Material for this task:
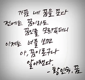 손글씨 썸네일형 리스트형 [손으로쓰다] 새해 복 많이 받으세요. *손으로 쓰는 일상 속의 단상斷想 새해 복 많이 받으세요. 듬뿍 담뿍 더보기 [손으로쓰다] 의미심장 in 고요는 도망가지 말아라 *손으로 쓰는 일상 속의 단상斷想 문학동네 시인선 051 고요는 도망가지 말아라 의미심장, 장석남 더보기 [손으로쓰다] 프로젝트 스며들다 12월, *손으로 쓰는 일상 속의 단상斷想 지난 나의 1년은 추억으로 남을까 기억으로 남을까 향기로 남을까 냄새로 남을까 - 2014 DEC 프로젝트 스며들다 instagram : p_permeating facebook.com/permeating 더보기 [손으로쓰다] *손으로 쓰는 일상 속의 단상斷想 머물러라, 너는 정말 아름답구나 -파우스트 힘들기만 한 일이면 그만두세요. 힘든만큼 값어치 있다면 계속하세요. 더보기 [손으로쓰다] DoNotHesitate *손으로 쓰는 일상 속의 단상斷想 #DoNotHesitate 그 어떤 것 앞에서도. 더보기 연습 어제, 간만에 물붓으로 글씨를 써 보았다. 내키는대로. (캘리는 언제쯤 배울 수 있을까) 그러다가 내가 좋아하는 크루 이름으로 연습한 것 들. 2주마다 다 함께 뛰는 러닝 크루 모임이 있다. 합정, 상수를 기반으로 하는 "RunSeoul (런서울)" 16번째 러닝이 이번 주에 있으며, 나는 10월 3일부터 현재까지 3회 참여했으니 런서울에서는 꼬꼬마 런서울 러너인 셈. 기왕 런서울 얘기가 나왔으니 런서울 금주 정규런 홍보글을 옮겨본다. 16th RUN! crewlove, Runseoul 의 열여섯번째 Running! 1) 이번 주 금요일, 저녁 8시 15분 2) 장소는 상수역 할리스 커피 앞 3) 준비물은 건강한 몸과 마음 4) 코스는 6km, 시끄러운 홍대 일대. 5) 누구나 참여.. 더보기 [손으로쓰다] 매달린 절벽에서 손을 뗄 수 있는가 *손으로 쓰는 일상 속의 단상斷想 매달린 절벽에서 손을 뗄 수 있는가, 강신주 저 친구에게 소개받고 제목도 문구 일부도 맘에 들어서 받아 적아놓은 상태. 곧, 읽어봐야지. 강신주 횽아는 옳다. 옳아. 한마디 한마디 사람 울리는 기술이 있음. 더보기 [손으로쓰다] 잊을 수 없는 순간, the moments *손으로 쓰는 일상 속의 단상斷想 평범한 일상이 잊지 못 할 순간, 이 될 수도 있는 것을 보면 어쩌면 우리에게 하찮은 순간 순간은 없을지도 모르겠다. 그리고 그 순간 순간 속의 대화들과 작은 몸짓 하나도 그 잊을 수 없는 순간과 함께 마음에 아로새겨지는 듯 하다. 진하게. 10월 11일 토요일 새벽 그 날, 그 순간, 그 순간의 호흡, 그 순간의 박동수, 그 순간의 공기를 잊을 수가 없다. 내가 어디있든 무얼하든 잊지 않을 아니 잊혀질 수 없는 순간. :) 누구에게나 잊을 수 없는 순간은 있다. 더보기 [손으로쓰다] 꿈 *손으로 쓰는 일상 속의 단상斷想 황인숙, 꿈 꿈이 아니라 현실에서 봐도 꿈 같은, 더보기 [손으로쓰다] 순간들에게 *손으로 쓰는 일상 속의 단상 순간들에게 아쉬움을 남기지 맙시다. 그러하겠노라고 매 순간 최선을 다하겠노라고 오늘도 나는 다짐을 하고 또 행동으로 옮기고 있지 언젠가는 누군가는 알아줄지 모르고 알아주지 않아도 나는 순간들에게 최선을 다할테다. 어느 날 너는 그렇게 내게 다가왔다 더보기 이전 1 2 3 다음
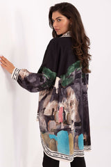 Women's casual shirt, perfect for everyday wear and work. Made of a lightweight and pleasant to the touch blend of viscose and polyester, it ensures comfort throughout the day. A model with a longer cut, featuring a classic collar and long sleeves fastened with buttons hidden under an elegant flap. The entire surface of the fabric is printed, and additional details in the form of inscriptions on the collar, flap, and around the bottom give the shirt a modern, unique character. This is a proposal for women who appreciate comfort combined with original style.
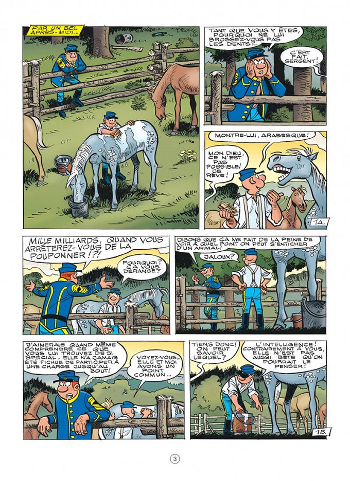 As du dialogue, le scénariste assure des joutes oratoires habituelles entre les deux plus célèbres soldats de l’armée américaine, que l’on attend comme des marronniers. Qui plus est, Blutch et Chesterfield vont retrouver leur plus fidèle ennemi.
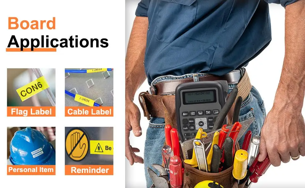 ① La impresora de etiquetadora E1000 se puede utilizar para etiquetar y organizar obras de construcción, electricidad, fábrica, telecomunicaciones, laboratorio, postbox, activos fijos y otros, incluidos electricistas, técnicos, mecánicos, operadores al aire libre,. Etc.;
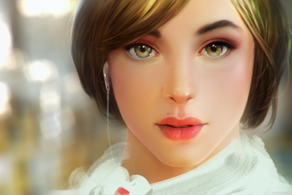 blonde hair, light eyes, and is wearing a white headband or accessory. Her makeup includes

Task item: When you come to the line containing "① La impresora" in the records above, repeat that line and all lines after it exactly, but not the pictures.

Worked solution:
 ① La impresora de etiquetadora E1000 se puede utilizar para etiquetar y organizar obras de construcción, electricidad, fábrica, telecomunicaciones, laboratorio, postbox, activos fijos y otros, incluidos electricistas, técnicos, mecánicos, operadores al aire libre,. Etc.;
 blonde hair, light eyes, and is wearing a white headband or accessory. Her makeup includes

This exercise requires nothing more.